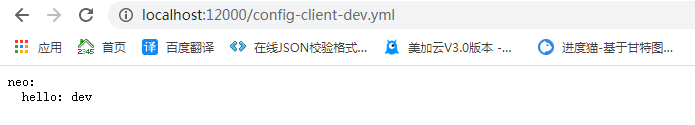 如果直接查看配置文件中的配置信息可访问 http://localhost:12000/config-client-dev.yml 返回:
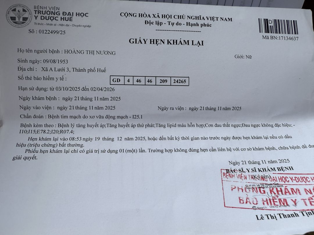 Mệ Hoàng Thị Thu 62 tuổi, đau khớp hơn 9 tháng nay ở nhà không thu nhập. ( không có bệnh án vì tự đi châm cứu ở ngoài).
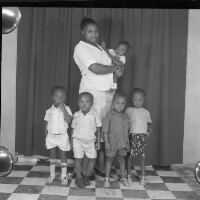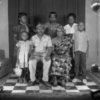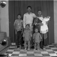 Family of seven people: man and his first wife sitting on stools, his second wife standing behind with four children (3 girls and a boy). Format of original: 59mm x 59mm plastic negative
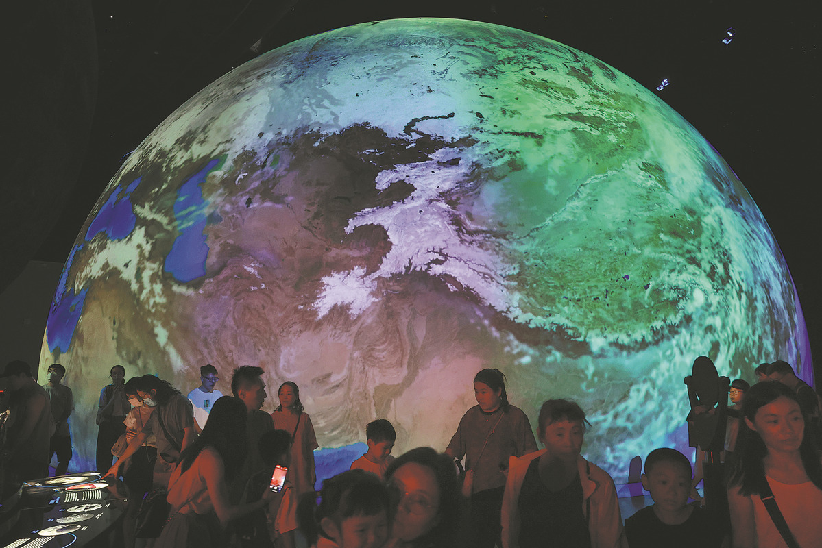 People visit the Shanghai Astronomy Museum in the Lin-gang Special Area of the China Pilot Free Trade Zone, on July 15. The museum attracts many students during the summer vacation. (CHINA DAILY)
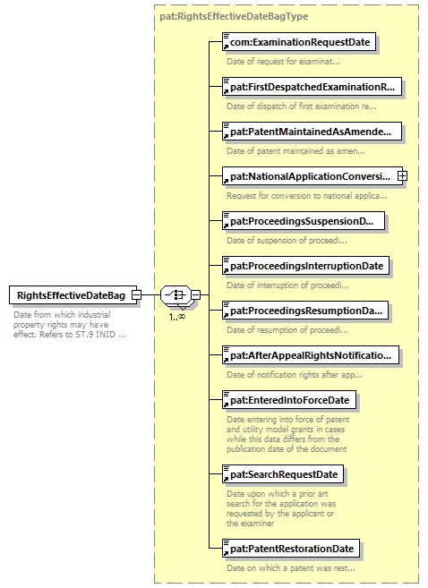 | children | com:ExaminationRequestDate pat:FirstDespatchedExaminationReportDate pat:PatentMaintainedAsAmendedDate pat:NationalApplicationConversionRequest pat:ProceedingsSuspensionDate pat:ProceedingsInterruptionDate pat:ProceedingsResumptionDate pat:AfterAppealRightsNotificationDate pat:EnteredIntoForceDate pat:SearchRequestDate pat:PatentRestorationDate | ||||
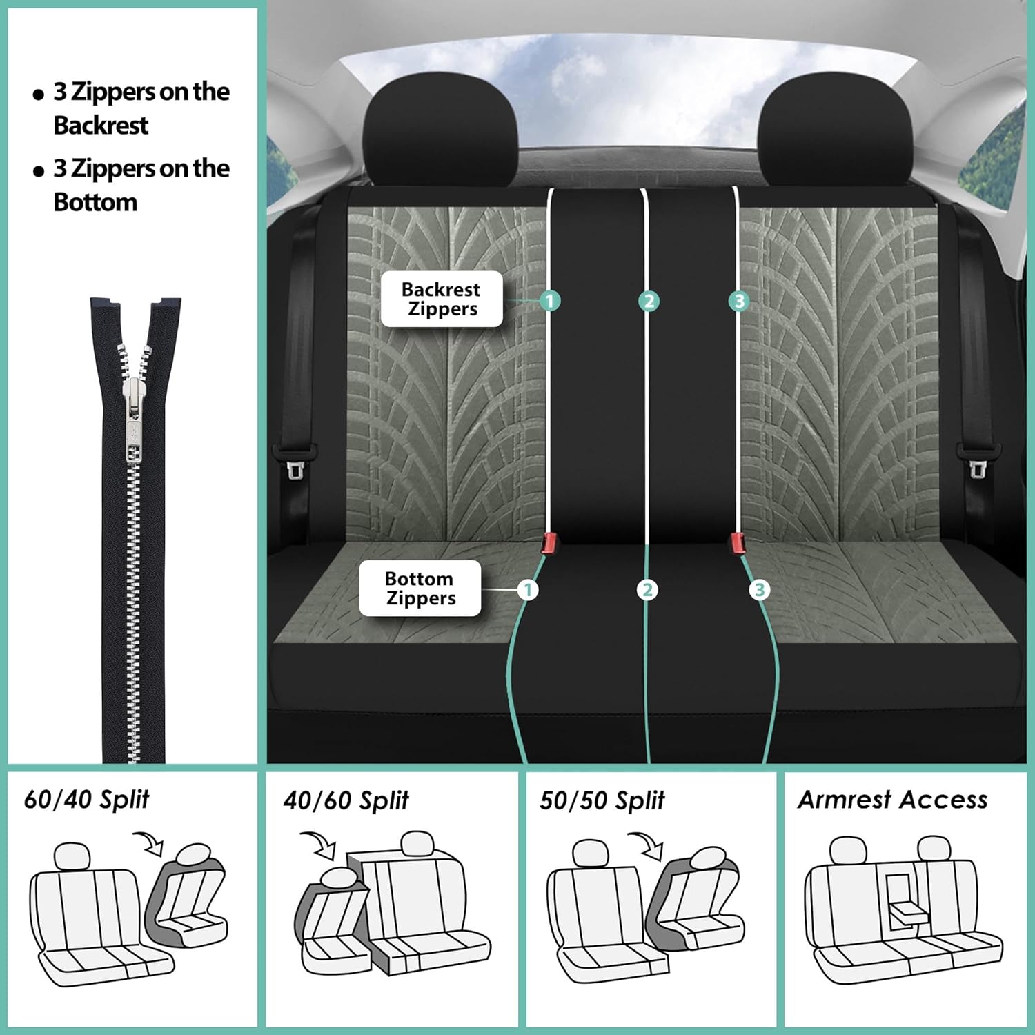 🚘[CUSTOMIZABLE REAR COVER] This cover is compatible with any split bench and becomes 2 individual covers with the extra mesh piece. This cover features zippers providing full access to the middle armrest. Elongate cover by adding an extra piece.
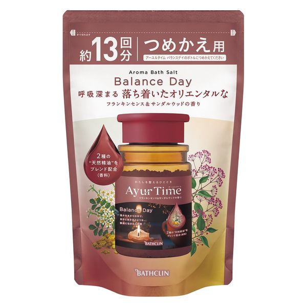 | 内容量 | 520g | 使用方法 | 【ボトルへのつめかえ方】●つめかえ時には以下の事項をお守りください。・必ず「アーユルタイム バランスデイ」のボトルにつめかえてください。・本体の商品を、すべて使い切ってからつめかえてください。・他の製品や水と混ぜないでください。1.切り口から開封してください。手でも切れます。2.本体容器に全量を注ぎ入れてください。【つめかえた後の使用法】お風呂の湯 (200L)に約40gの割合で本品を溶かしてから入浴します。計量には本体容器のキャップ(キャップの内枠の一番上の線が約40g)をご使用ください。 |
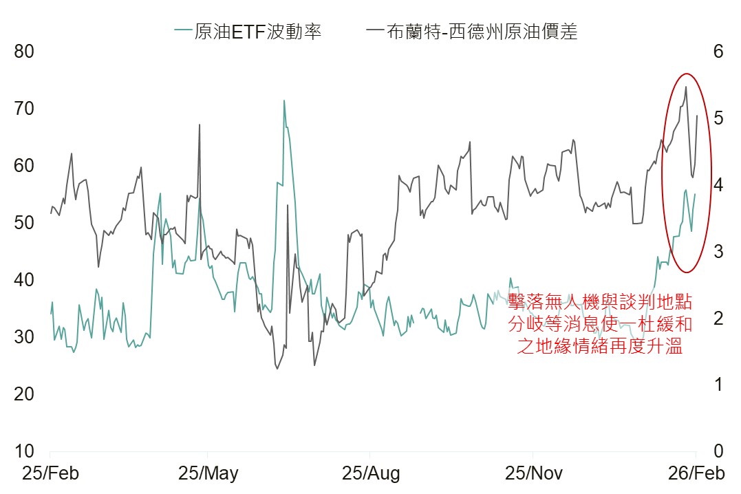 ▲近期油價走勢與波動率
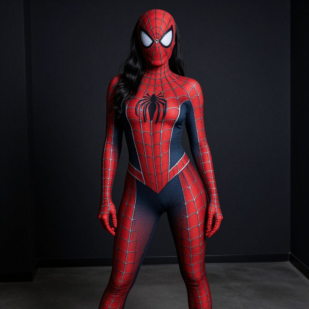"Spider Man Halloween Costume Woman, a woman in a spider - man suit poses for a photo"
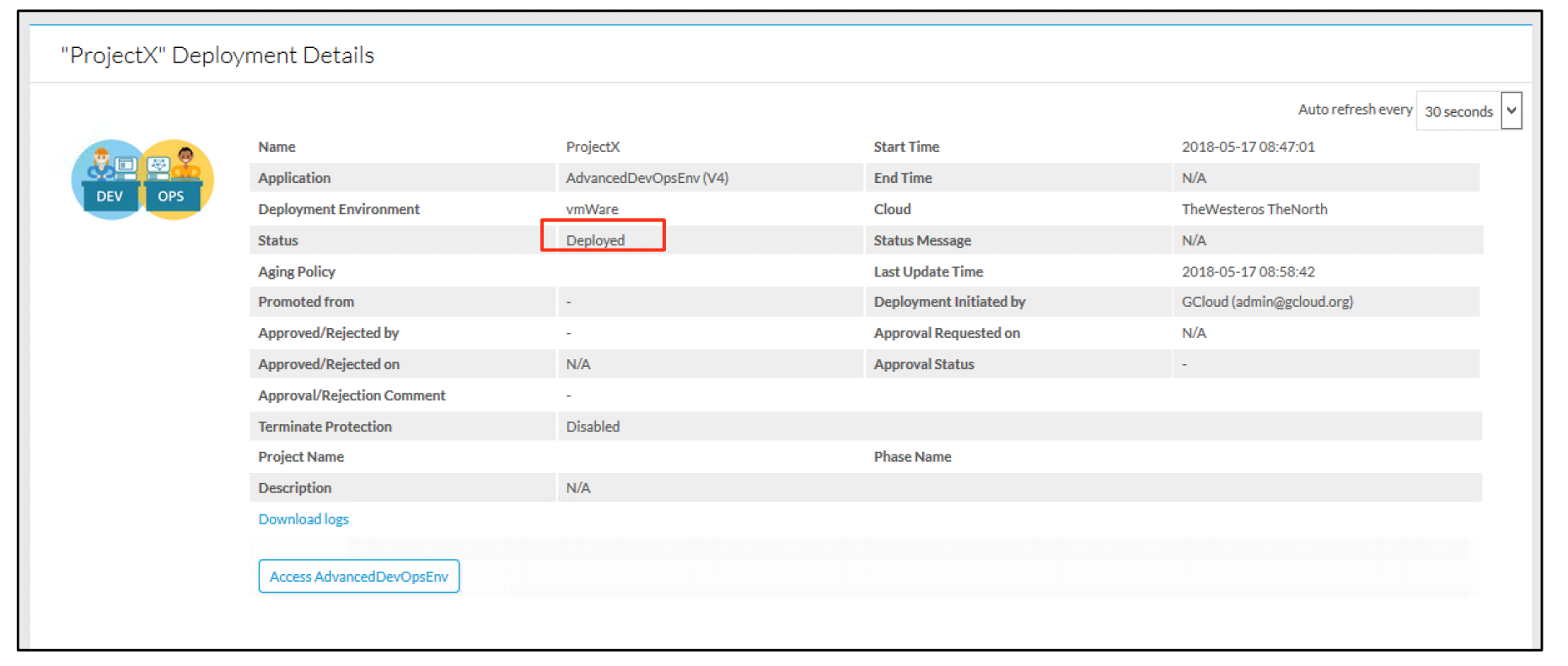 Watching the progress in CloudCenter: last deployment state is “Deployed”
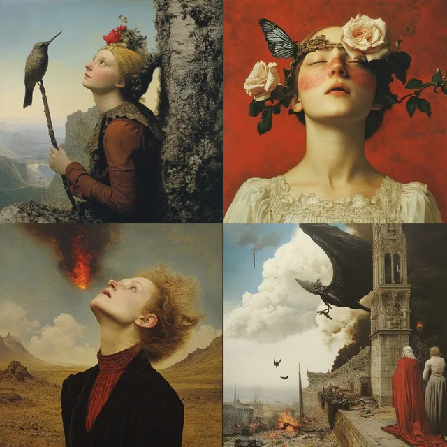 Этот стиль представляет собой завораживающее сочетание сюрреализма и классических художественных техник. Он объединяет детальный реализм с элементами фантазии. В композициях часто можно увидеть детально прорисованные фигуры и пейзажи, напоминающие искусство эпохи Возрождения и барокко, но с современным сюрреалистическим уклоном.
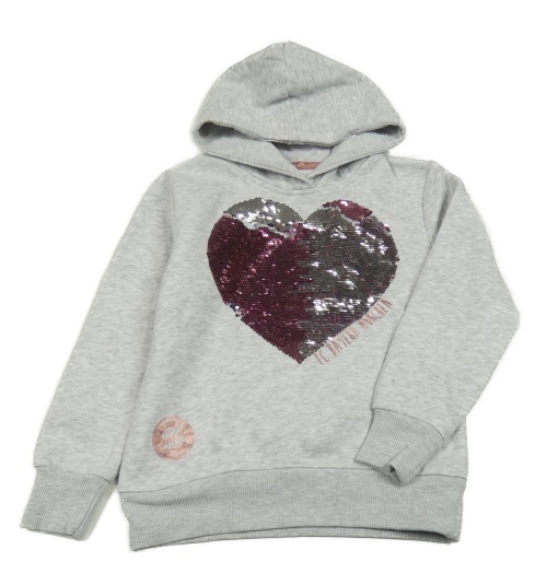 Svetlosivá melírovaná mikina so srdíčkem z flitrů a kapucňou
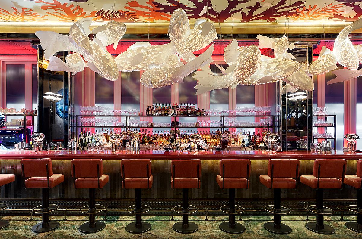 En enastående lokal med högt i tak, lyxiga draperier och maffiga kristallkronor, där väggarna är täckta med stora som små målningar och fotografier försedda med guldramar och den glittrande baren stoltserar på ena sedan av lokalen. Välj en god klassiker till middag eller nöj dig med en lyxig drink vid baren.
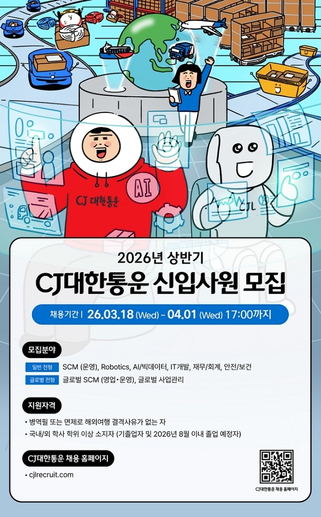 CJ대한통운이 2026년 상반기 신입사원 공채를 시작한다고 19일 밝혔다. 모집 전형은 ▲SCM ▲로보틱스 ▲AI·빅데이터 ▲IT개발 ▲재무회계 ▲안전·보건 등의 일반전형과 ▲글로벌SCM ▲글로벌 사업관리 등의 글로벌 트랙 전형으로 나누어 진행된다.
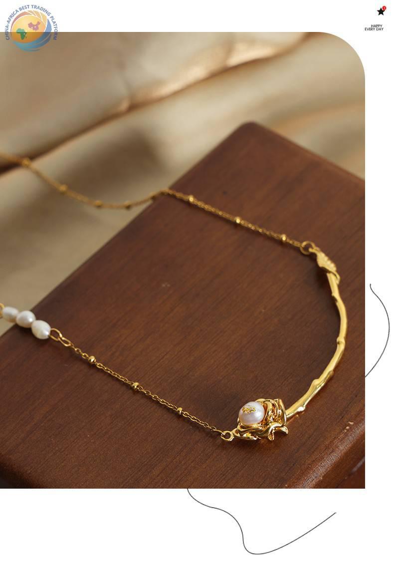 法式简约珍珠玫瑰花朵轻奢优雅名媛风锁骨链钛钢镀18K金女款项链
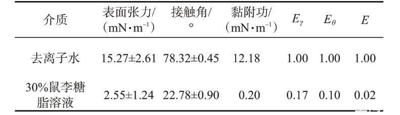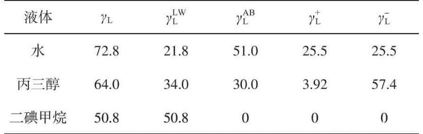 基于接觸角測量法中的LW-AB法,參考韓玉香等的研究,首先分別測試3種溶液(去離子水、丙三醇和二碘甲烷)在親油玻片及30%鼠李糖脂溶液處理后的親油表面的接觸角;然后結(jié)合3種溶液的表面張力及其分量值(表1),按照參考文獻(xiàn)中式1-38至式1-42,分別測算固體的表面能中Lifshits-van der waals分量、以及Lewis酸分量和堿分量;最后按照參考文獻(xiàn)中式1-37計(jì)算親油玻片及30%鼠李糖脂溶液處理后的親油表面自由能γS。
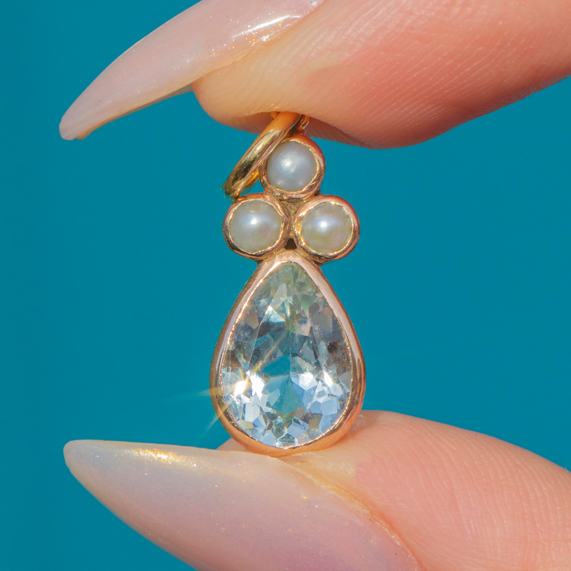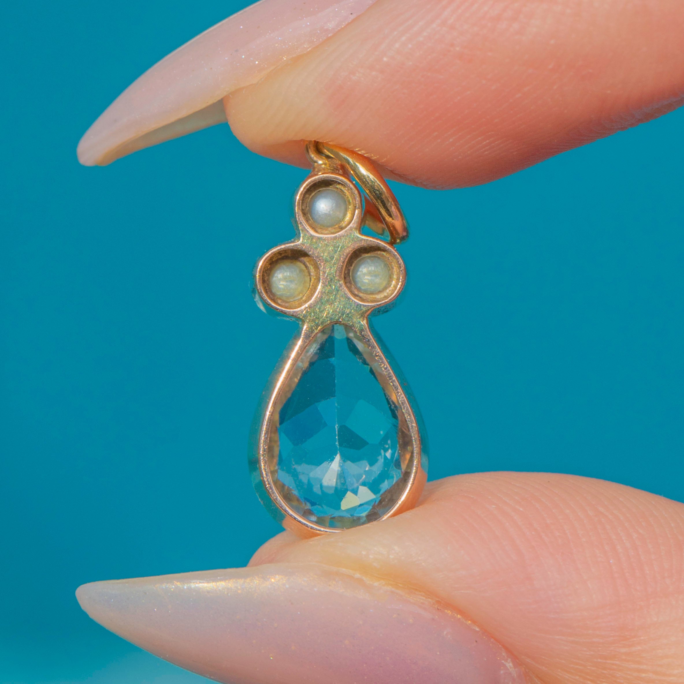 Edwardian 9ct Rosy Gold Aquamarine Pearl Pear Drop Charm

····················

Leave out the pictures. Transcribe the rest of the listing above exactly.

### [YOUR RESPONSE]
 如果直接查看配置文件中的配置信息可访问 http://localhost:12000/config-client-dev.yml 返回:
 Mệ Hoàng Thị Thu 62 tuổi, đau khớp hơn 9 tháng nay ở nhà không thu nhập. ( không có bệnh án vì tự đi châm cứu ở ngoài).
 Family of seven people: man and his first wife sitting on stools, his second wife standing behind with four children (3 girls and a boy). Format of original: 59mm x 59mm plastic negative
 People visit the Shanghai Astronomy Museum in the Lin-gang Special Area of the China Pilot Free Trade Zone, on July 15. The museum attracts many students during the summer vacation. (CHINA DAILY)
 | children | com:ExaminationRequestDate pat:FirstDespatchedExaminationReportDate pat:PatentMaintainedAsAmendedDate pat:NationalApplicationConversionRequest pat:ProceedingsSuspensionDate pat:ProceedingsInterruptionDate pat:ProceedingsResumptionDate pat:AfterAppealRightsNotificationDate pat:EnteredIntoForceDate pat:SearchRequestDate pat:PatentRestorationDate | ||||
 🚘[CUSTOMIZABLE REAR COVER] This cover is compatible with any split bench and becomes 2 individual covers with the extra mesh piece. This cover features zippers providing full access to the middle armrest. Elongate cover by adding an extra piece.
 | 内容量 | 520g | 使用方法 | 【ボトルへのつめかえ方】●つめかえ時には以下の事項をお守りください。・必ず「アーユルタイム バランスデイ」のボトルにつめかえてください。・本体の商品を、すべて使い切ってからつめかえてください。・他の製品や水と混ぜないでください。1.切り口から開封してください。手でも切れます。2.本体容器に全量を注ぎ入れてください。【つめかえた後の使用法】お風呂の湯 (200L)に約40gの割合で本品を溶かしてから入浴します。計量には本体容器のキャップ(キャップの内枠の一番上の線が約40g)をご使用ください。 |
 ▲近期油價走勢與波動率
"Spider Man Halloween Costume Woman, a woman in a spider - man suit poses for a photo"
 Watching the progress in CloudCenter: last deployment state is “Deployed”
 Этот стиль представляет собой завораживающее сочетание сюрреализма и классических художественных техник. Он объединяет детальный реализм с элементами фантазии. В композициях часто можно увидеть детально прорисованные фигуры и пейзажи, напоминающие искусство эпохи Возрождения и барокко, но с современным сюрреалистическим уклоном.
 Svetlosivá melírovaná mikina so srdíčkem z flitrů a kapucňou
 En enastående lokal med högt i tak, lyxiga draperier och maffiga kristallkronor, där väggarna är täckta med stora som små målningar och fotografier försedda med guldramar och den glittrande baren stoltserar på ena sedan av lokalen. Välj en god klassiker till middag eller nöj dig med en lyxig drink vid baren.
 CJ대한통운이 2026년 상반기 신입사원 공채를 시작한다고 19일 밝혔다. 모집 전형은 ▲SCM ▲로보틱스 ▲AI·빅데이터 ▲IT개발 ▲재무회계 ▲안전·보건 등의 일반전형과 ▲글로벌SCM ▲글로벌 사업관리 등의 글로벌 트랙 전형으로 나누어 진행된다.
 法式简约珍珠玫瑰花朵轻奢优雅名媛风锁骨链钛钢镀18K金女款项链
 基于接觸角測量法中的LW-AB法,參考韓玉香等的研究,首先分別測試3種溶液(去離子水、丙三醇和二碘甲烷)在親油玻片及30%鼠李糖脂溶液處理后的親油表面的接觸角;然后結(jié)合3種溶液的表面張力及其分量值(表1),按照參考文獻(xiàn)中式1-38至式1-42,分別測算固體的表面能中Lifshits-van der waals分量、以及Lewis酸分量和堿分量;最后按照參考文獻(xiàn)中式1-37計(jì)算親油玻片及30%鼠李糖脂溶液處理后的親油表面自由能γS。
 Edwardian 9ct Rosy Gold Aquamarine Pearl Pear Drop Charm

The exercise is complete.